*** Dataset records ***

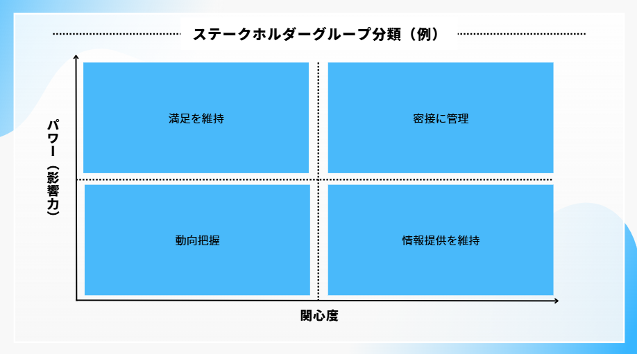 この2軸で分類されたステークホルダーは、それぞれに異なる管理アプローチが必要な4つの象限に配置されます。
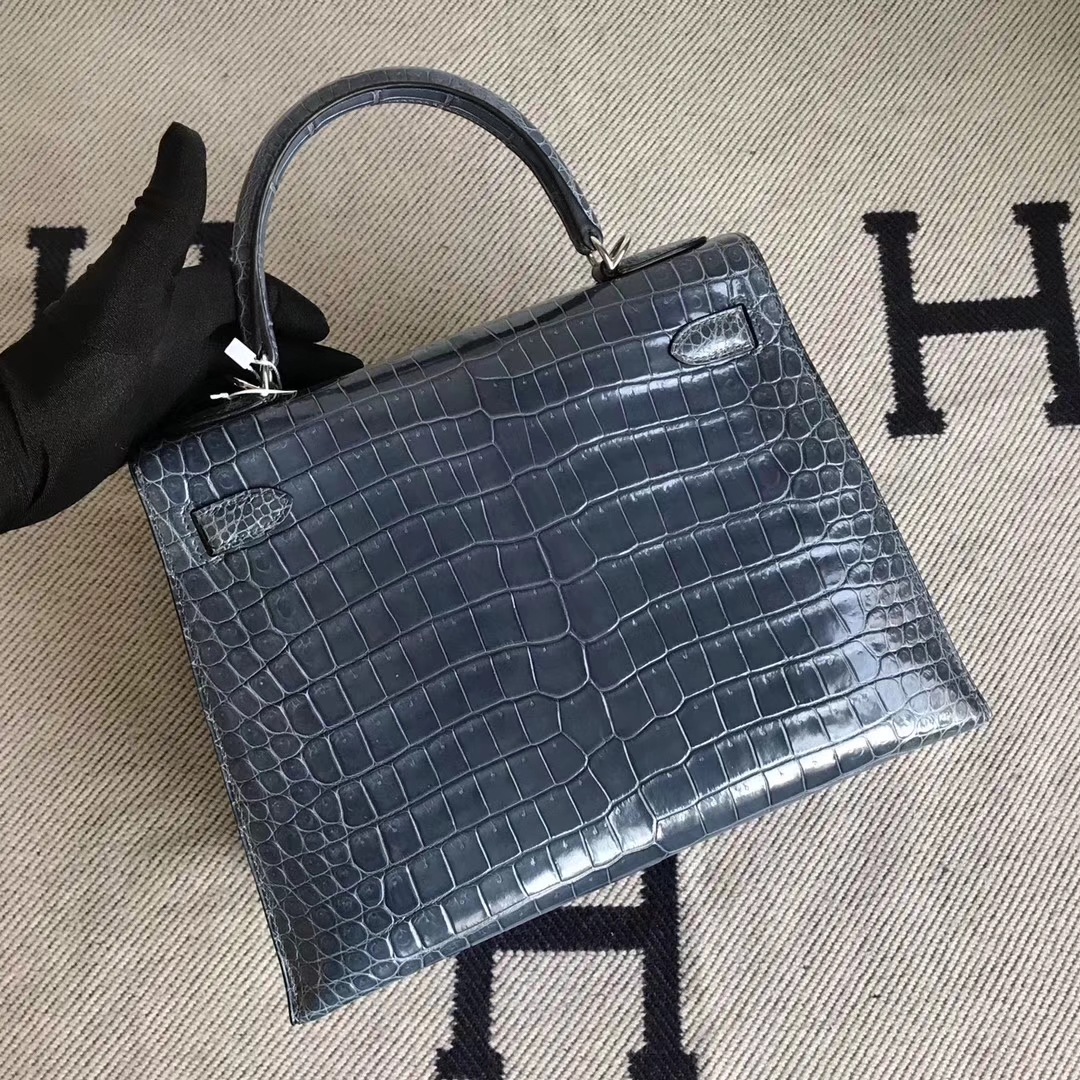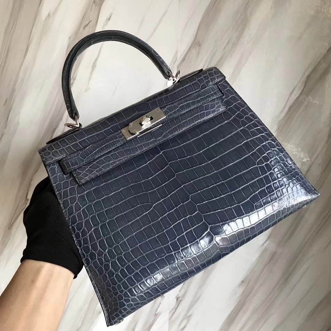 Hermès(爱马仕)Kelly 澳洲湾鳄 N7风暴蓝 顶级工艺 蜡线全手工银扣 28cm 2018年12月11日 0 【鳄鱼世家】www.Eyubao.com Kelly 28 Kelly 凯莉包 品牌:Hermès(爱马仕);类别:Kelly凯莉包;颜色:风暴蓝;材质:澳洲湾鳄;等级:顶级;附件:全套包装礼盒;尺寸:28cm;功能:手提单肩包
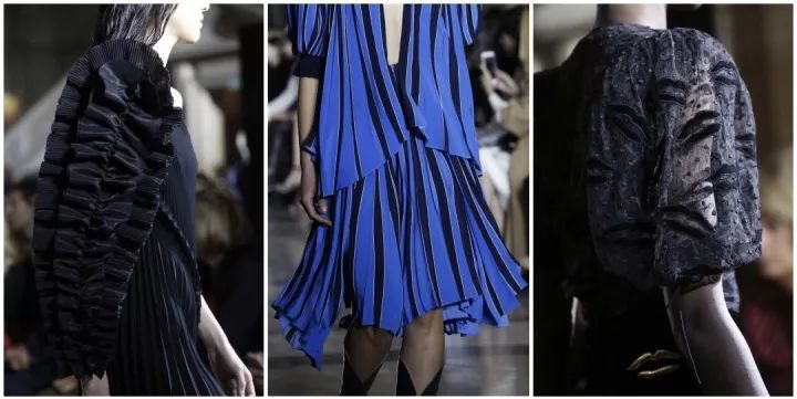 褶皱、荷叶边、羊腿袖等柔软的曲线线条设计中,始终蕴涵着现代化设计语言里的笔直线条。仿佛是整个系列内在的钢筋,无论建筑的外立面造型扭曲、变形、灵动,坚实的主心骨始终不变。
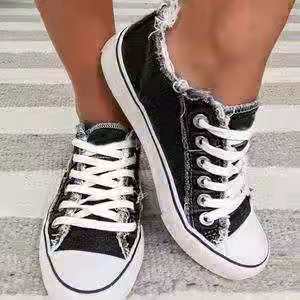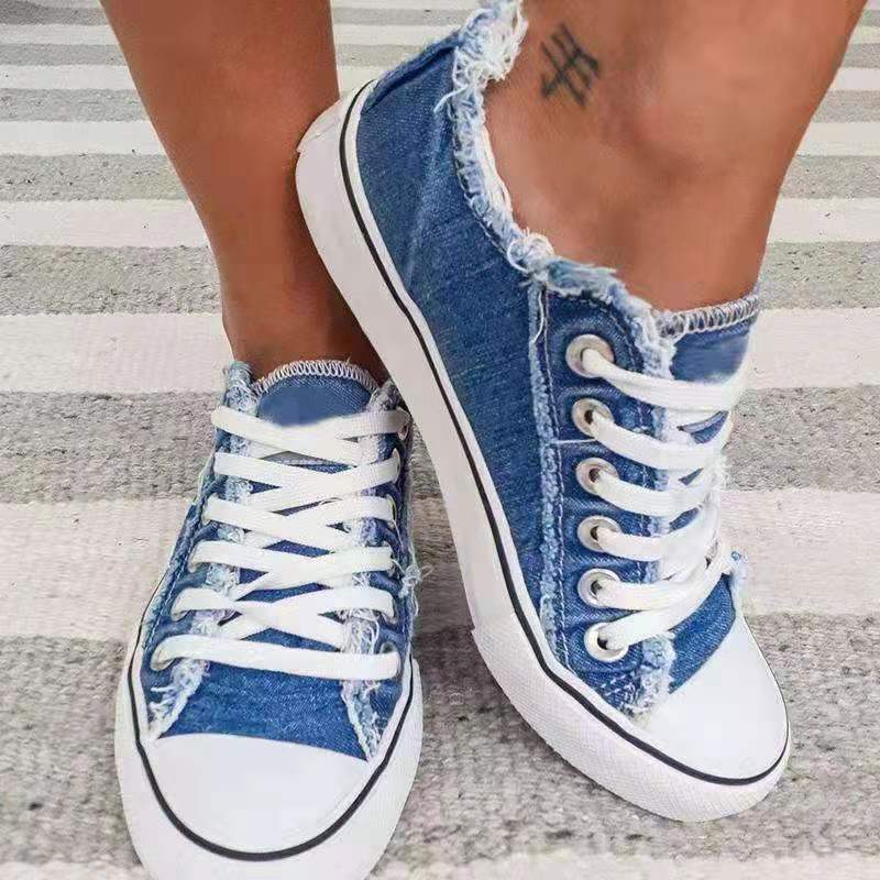 新款2021春秋单鞋欧美牛仔帆布鞋低帮系带大码女鞋好搭学生单鞋女
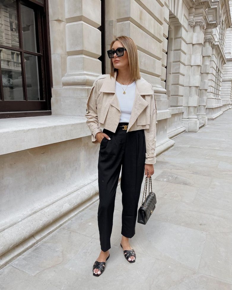 Деловой стиль диктует определенный дресс-код. Именно классические черные брюки с высокой посадкой являются беспроигрышным выбором для создания офисного стиля. Классика отличается не только строгим кроем, но и правильной длиной брюк: они не должны быть короткими, или напротив лежать на полу.
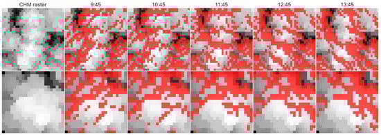 Canopy height model (CHM) raster images of trees measured using a spectrometer. On the left side, we show the structure of tree crowns as seen from above. Raster images are on a greyscale that indicates identified height of the pixel in the canopy. The upper row includes raw and αS images of spruce trees, lower row shows dynamics of beech tree. Dynamics of estimated shadow fraction in this area in 1 h steps near midday are shown with red color. Pictures show dynamics of shadows on 15 September.
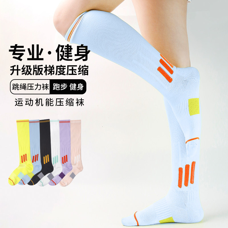 女士运动压力袜夏季速干小腿袜压缩马拉松跑步健身长筒袜

*** End of Dataset records ***

*Problem to work on*: Starting at the line above that contains "Hermès(爱马仕)Kelly 澳洲湾鳄 N7风暴蓝", transcribe every line exactly through the line that contains "褶皱、荷叶边、羊腿袖等柔软的", including that last one, and skip the pictures.

*Task answer*:
 Hermès(爱马仕)Kelly 澳洲湾鳄 N7风暴蓝 顶级工艺 蜡线全手工银扣 28cm 2018年12月11日 0 【鳄鱼世家】www.Eyubao.com Kelly 28 Kelly 凯莉包 品牌:Hermès(爱马仕);类别:Kelly凯莉包;颜色:风暴蓝;材质:澳洲湾鳄;等级:顶级;附件:全套包装礼盒;尺寸:28cm;功能:手提单肩包
 褶皱、荷叶边、羊腿袖等柔软的曲线线条设计中,始终蕴涵着现代化设计语言里的笔直线条。仿佛是整个系列内在的钢筋,无论建筑的外立面造型扭曲、变形、灵动,坚实的主心骨始终不变。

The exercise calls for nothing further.